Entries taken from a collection
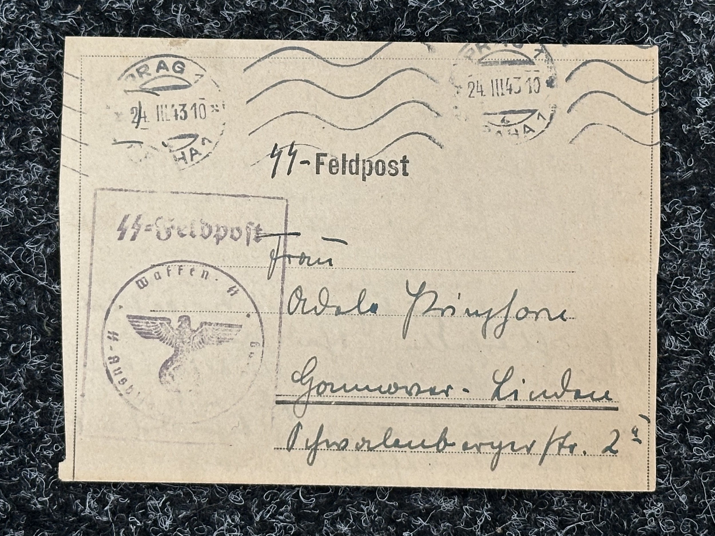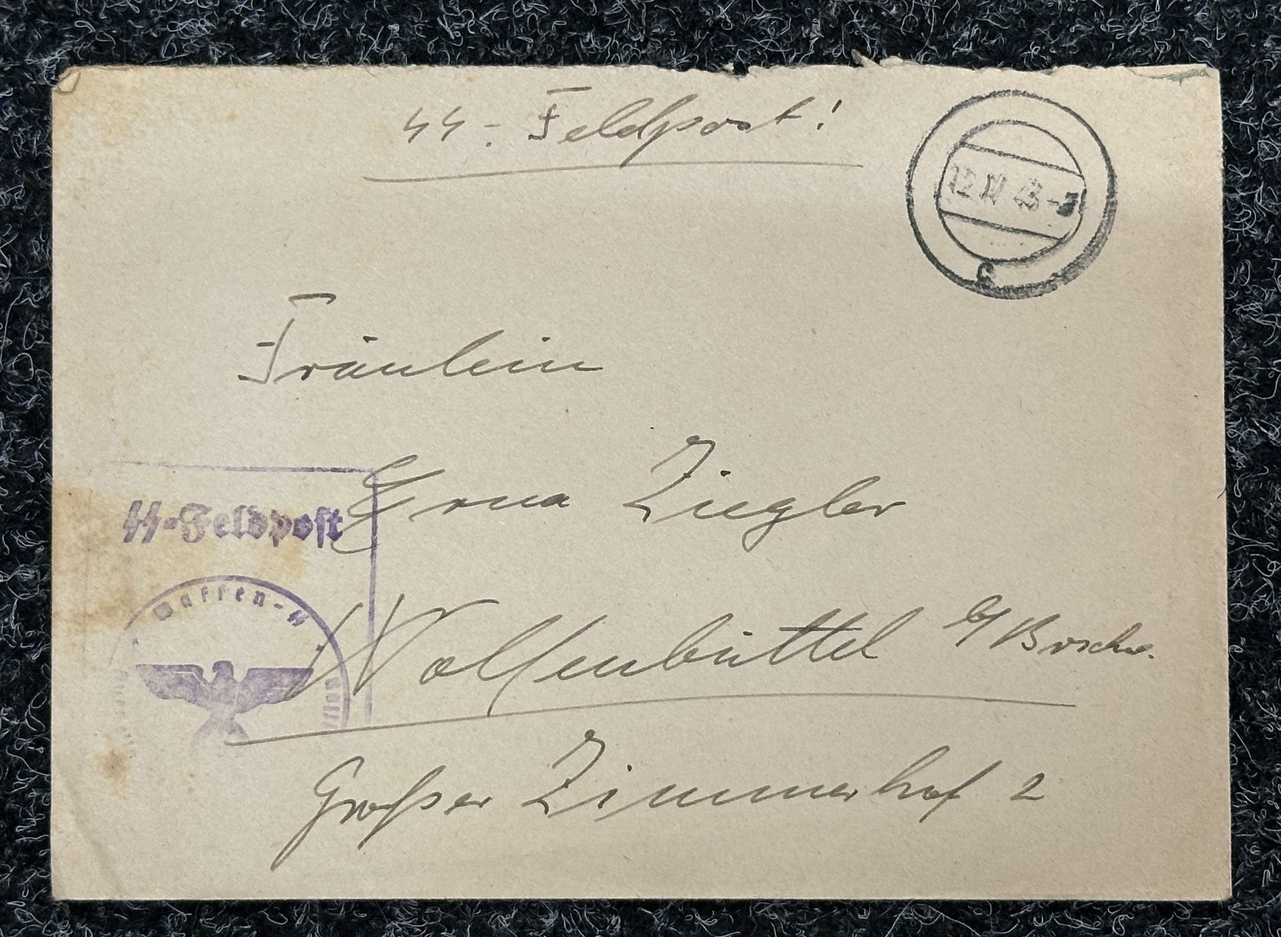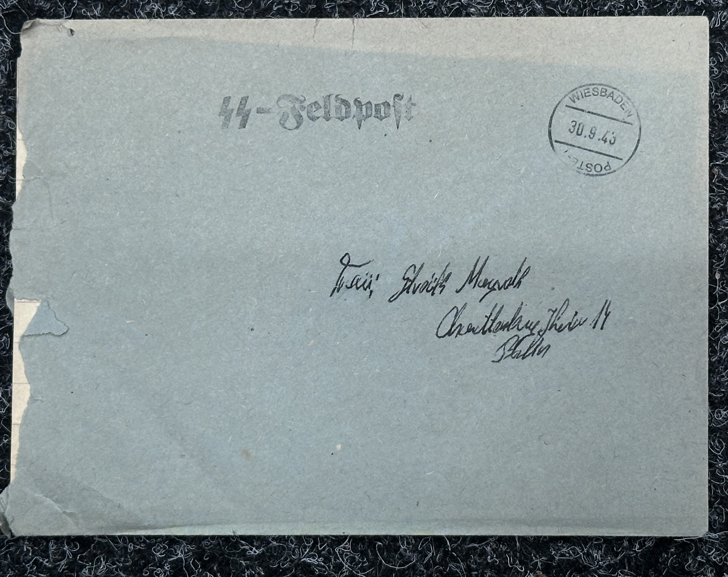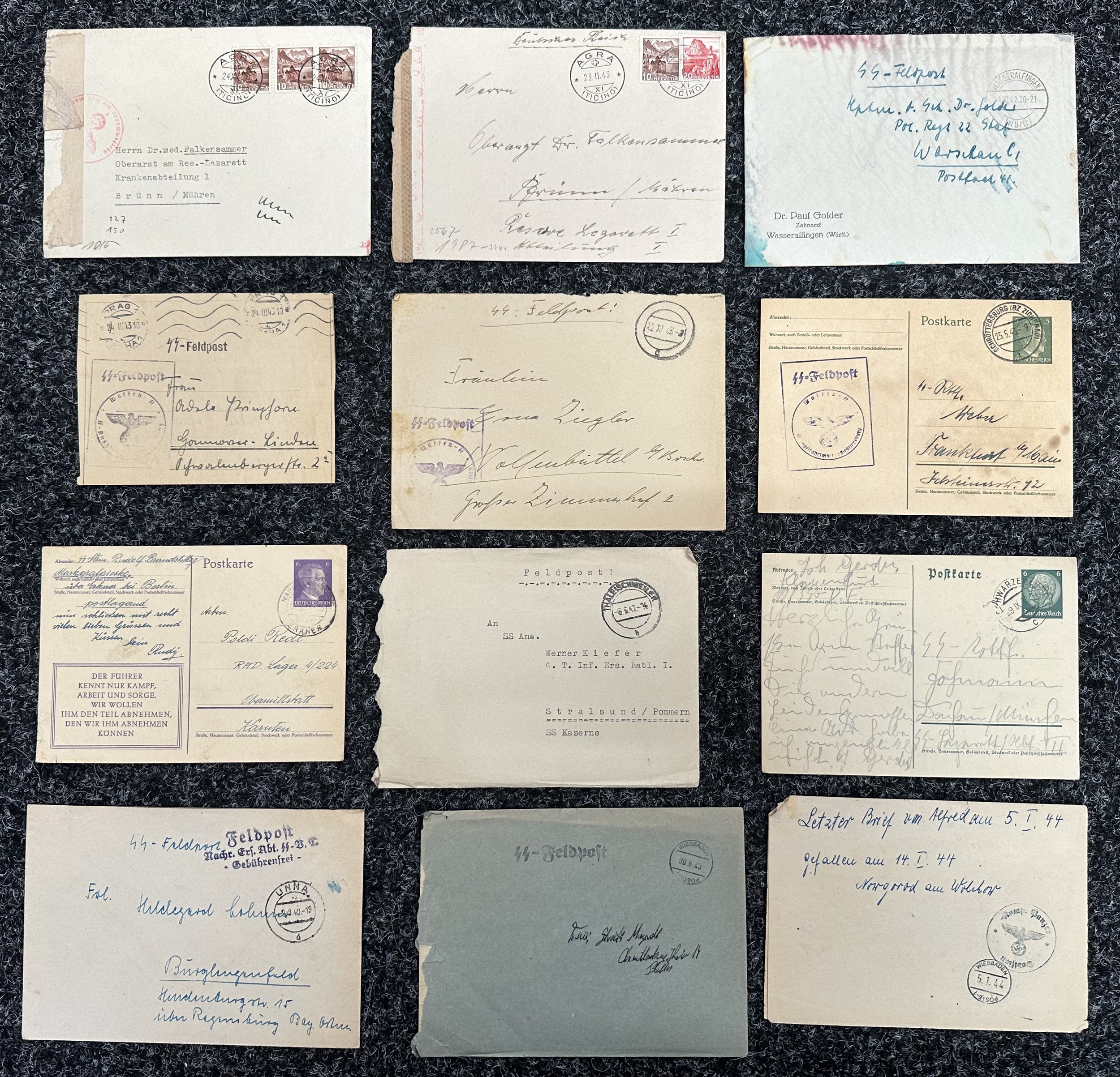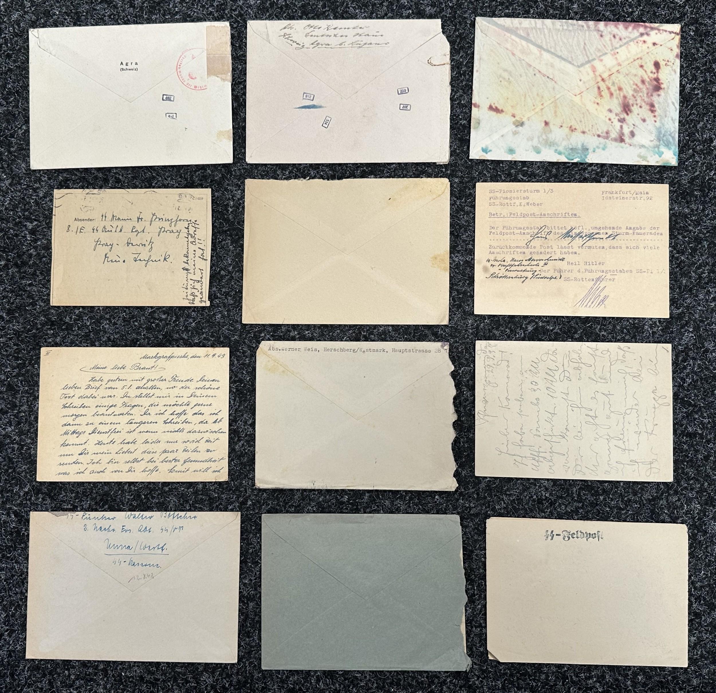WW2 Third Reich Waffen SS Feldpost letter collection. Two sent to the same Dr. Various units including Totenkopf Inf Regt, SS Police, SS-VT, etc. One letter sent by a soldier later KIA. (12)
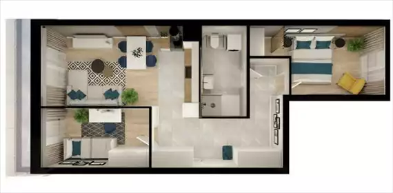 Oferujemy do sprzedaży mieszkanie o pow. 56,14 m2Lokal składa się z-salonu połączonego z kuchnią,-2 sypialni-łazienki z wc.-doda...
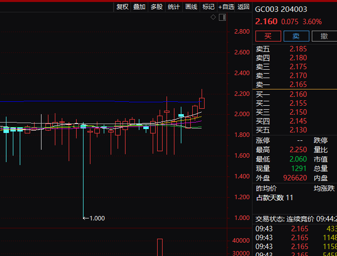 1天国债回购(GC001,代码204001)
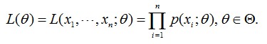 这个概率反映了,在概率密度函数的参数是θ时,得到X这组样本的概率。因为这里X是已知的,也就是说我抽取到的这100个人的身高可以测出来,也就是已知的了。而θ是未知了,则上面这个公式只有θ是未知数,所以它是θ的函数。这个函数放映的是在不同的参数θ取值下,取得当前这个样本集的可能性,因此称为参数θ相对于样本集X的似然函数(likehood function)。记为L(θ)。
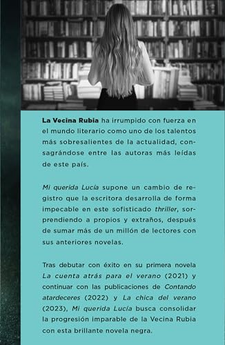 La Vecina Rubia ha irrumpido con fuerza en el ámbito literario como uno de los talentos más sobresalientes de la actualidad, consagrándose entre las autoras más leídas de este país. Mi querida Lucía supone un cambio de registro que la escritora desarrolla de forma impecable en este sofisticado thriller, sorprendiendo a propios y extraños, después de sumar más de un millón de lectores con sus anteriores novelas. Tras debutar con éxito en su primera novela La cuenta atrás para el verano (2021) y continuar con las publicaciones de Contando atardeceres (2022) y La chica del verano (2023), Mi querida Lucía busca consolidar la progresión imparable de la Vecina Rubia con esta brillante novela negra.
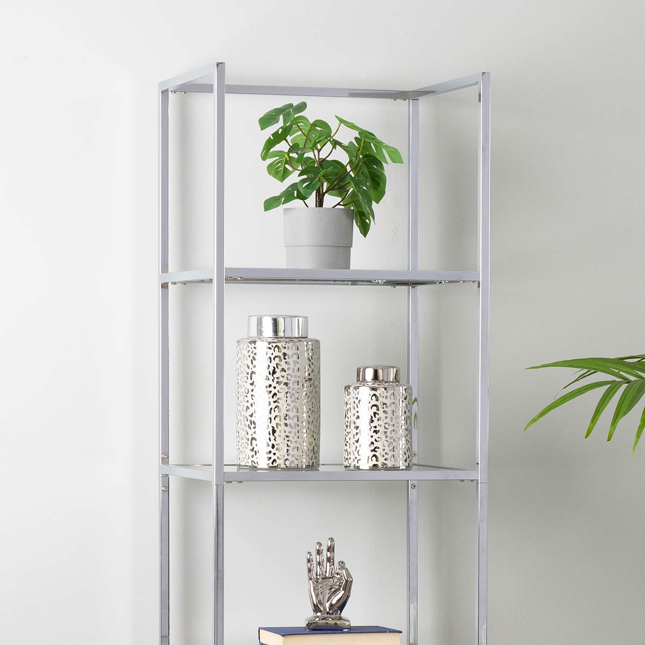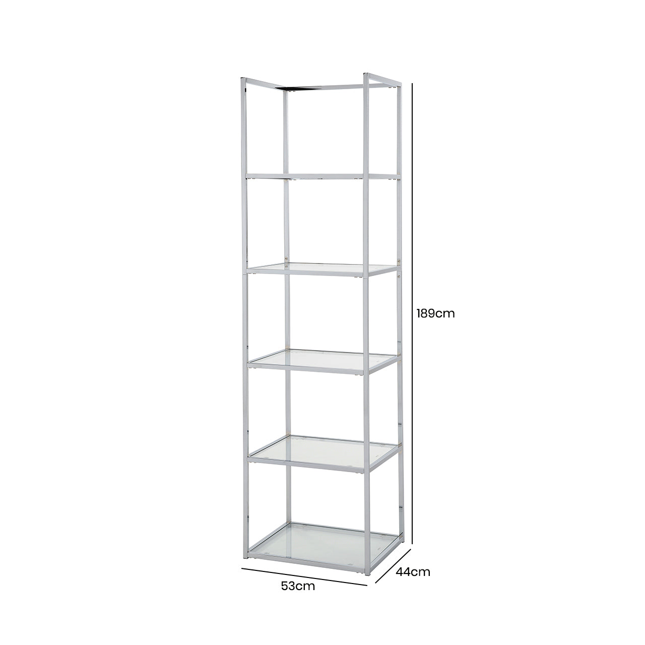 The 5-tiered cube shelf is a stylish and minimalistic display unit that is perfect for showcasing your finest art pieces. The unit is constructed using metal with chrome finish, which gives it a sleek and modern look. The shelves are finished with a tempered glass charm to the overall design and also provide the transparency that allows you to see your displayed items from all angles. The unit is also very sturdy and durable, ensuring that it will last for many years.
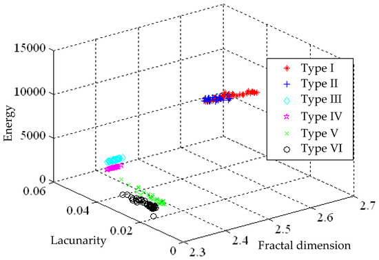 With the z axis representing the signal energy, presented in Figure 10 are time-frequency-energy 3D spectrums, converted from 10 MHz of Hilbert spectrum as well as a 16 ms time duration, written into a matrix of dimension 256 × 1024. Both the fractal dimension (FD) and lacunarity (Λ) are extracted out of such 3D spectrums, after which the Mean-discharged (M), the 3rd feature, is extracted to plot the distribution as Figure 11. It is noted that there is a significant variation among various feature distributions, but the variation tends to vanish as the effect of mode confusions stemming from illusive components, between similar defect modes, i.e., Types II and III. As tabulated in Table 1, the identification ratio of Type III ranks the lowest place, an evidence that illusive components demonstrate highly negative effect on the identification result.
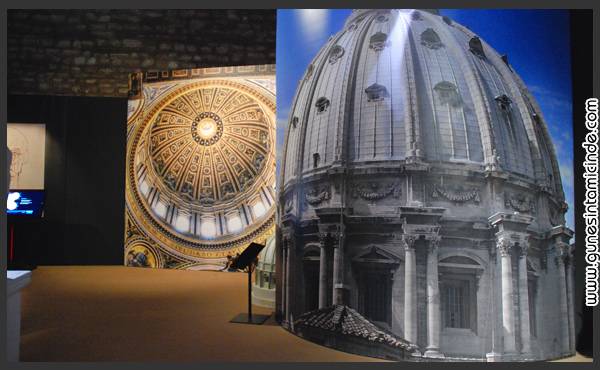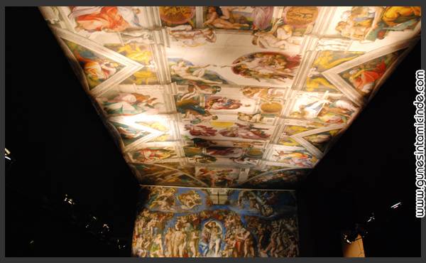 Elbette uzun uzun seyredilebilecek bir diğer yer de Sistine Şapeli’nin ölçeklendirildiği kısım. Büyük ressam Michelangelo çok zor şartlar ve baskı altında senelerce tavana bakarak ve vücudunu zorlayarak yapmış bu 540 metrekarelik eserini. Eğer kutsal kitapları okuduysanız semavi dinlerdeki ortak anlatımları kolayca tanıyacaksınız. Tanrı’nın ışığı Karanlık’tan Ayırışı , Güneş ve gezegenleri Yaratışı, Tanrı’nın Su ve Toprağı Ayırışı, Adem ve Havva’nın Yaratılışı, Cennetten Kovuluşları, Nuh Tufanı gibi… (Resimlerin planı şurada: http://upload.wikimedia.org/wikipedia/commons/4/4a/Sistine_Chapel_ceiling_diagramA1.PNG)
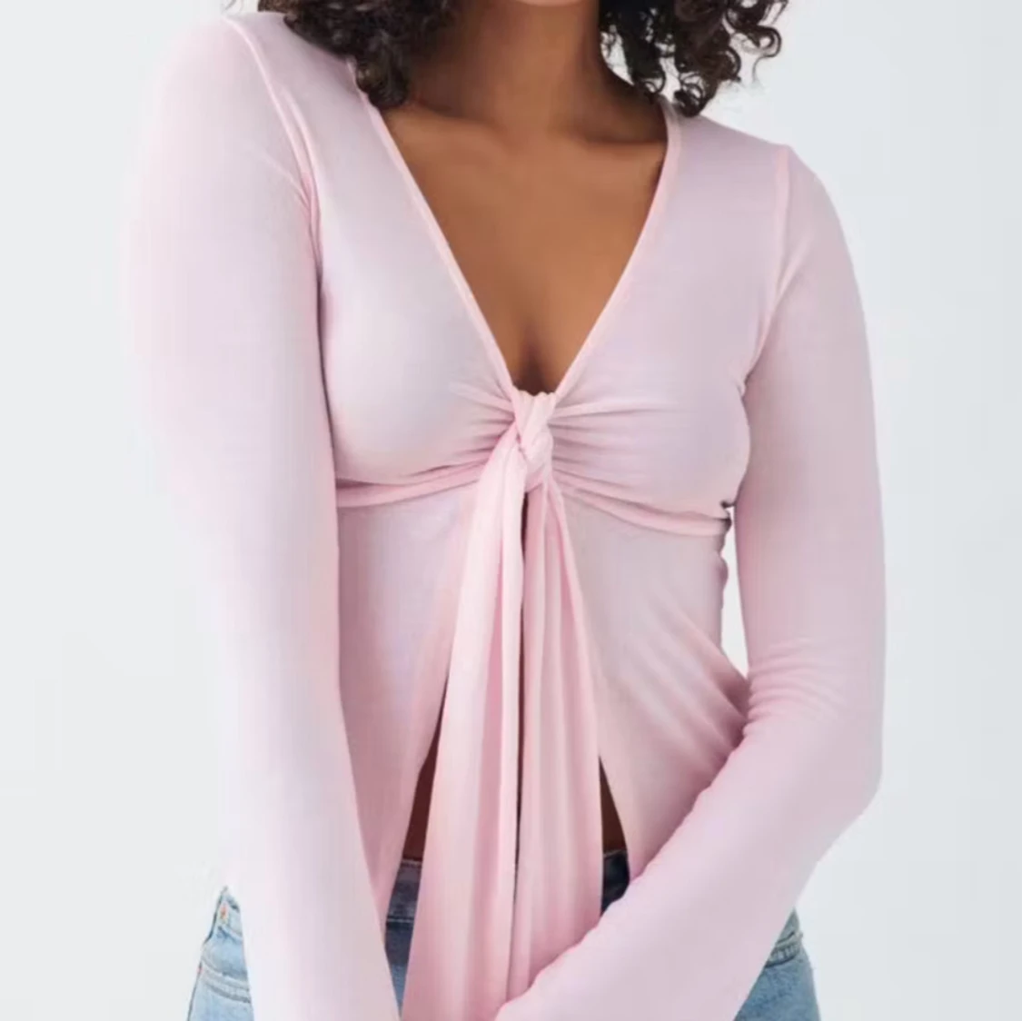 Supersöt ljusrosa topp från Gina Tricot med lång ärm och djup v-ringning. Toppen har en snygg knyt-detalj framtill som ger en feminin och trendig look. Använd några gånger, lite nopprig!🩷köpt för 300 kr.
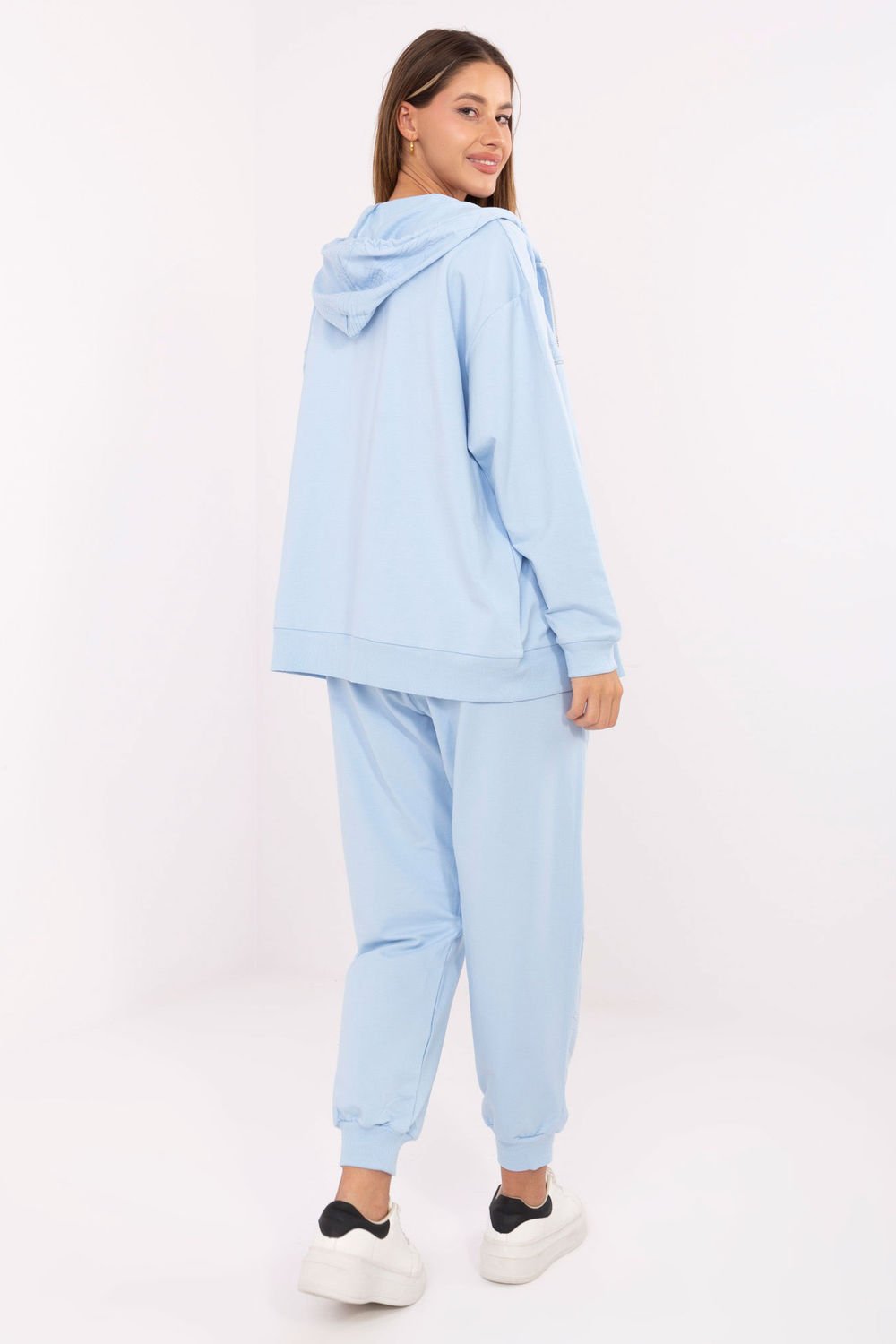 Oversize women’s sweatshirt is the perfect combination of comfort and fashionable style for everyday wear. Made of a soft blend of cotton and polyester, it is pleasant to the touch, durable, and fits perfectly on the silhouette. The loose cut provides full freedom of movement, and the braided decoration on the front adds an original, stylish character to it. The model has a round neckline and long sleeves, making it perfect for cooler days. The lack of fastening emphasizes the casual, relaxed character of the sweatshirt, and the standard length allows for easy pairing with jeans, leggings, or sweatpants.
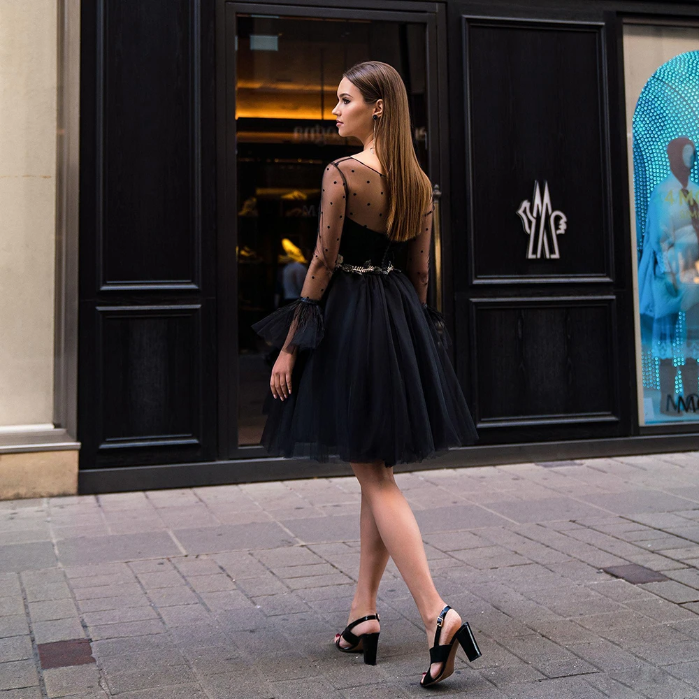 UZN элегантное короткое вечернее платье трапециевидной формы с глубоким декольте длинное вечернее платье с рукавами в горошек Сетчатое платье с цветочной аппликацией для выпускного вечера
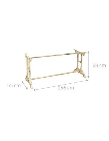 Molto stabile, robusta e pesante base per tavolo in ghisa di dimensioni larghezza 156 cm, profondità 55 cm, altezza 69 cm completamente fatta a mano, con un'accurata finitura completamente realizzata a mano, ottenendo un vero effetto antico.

▶ **EXERCISE OBJECTIVE**: With pictures removed, write out exactly each line of the entries from the first through the line that holds "这个概率反映了,在概率密度函".

▶ **RESULT OF THIS EXERCISE**:
WW2 Third Reich Waffen SS Feldpost letter collection. Two sent to the same Dr. Various units including Totenkopf Inf Regt, SS Police, SS-VT, etc. One letter sent by a soldier later KIA. (12)
 Oferujemy do sprzedaży mieszkanie o pow. 56,14 m2Lokal składa się z-salonu połączonego z kuchnią,-2 sypialni-łazienki z wc.-doda...
 1天国债回购(GC001,代码204001)
 这个概率反映了,在概率密度函数的参数是θ时,得到X这组样本的概率。因为这里X是已知的,也就是说我抽取到的这100个人的身高可以测出来,也就是已知的了。而θ是未知了,则上面这个公式只有θ是未知数,所以它是θ的函数。这个函数放映的是在不同的参数θ取值下,取得当前这个样本集的可能性,因此称为参数θ相对于样本集X的似然函数(likehood function)。记为L(θ)。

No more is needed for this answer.